Gopnik’s “Heaven’s Gaits” looks at two books, Matthew
Algeo’s Pedestrianism: When Watching
People Walk Was America’s Favorite Spectator Sport and Frédéric Gros’s A Philosophy of Walking. Neither book
appeals to me. But the final section of the review, a description of Gopnik’s
own affinity for walking around New York City, is a beauty. Gopnik writes,
You could walk anywhere. Saturday all day, Sunday all day,
I’d tramp through the lower-Manhattan neighborhoods. The differences,
architectural and social, among Tribeca and SoHo and the East Village, to name
only contiguous areas, were distinct and vivid and nameable then: cast-iron
buildings shading off into old egg- and paper-carton factories sweetly
interrupted by small triangular parks, and edging over, as you walked east,
into poor-law tenements that were just being reclaimed by painters.

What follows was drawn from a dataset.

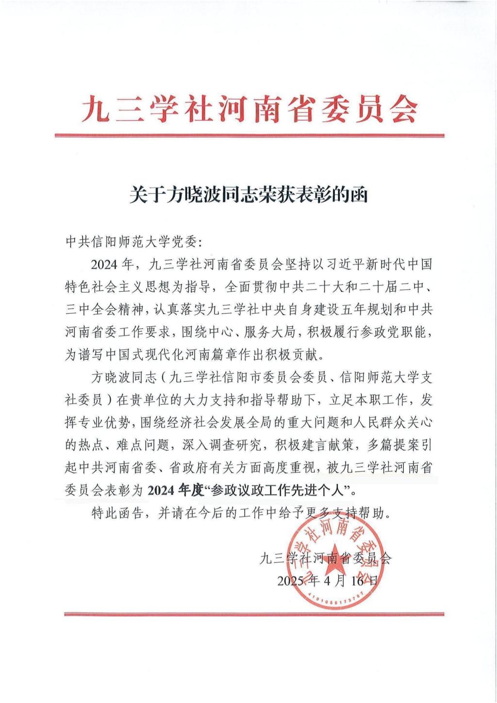 近日,九三学社河南省委员会发布表彰决定,信阳市政协委员、九三学社信阳市委会委员、伟德国际victor1946方晓波博士荣获2024年度“参政议政工作先进个人”称号。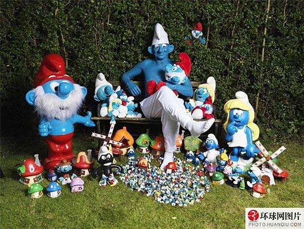 来自诺丁汉的Stephen Parkes获得这一奖项,他共收集了1061个“蓝精灵”。图片是他和部分藏品合影。

Autobiographical critical pieces, such as Heller’s “Poison
Ivy,” his earlier, wonderful "Semi-Charmed Life" (The New Yorker, January 14, 2013), Gopnik’s “Heaven’s Gaits,” and
James Wood’s brilliant "On Not Going Home" (London
Review of Books, February 20, 2014), constitute an interesting new trend in
book reviewing. I hope it continues.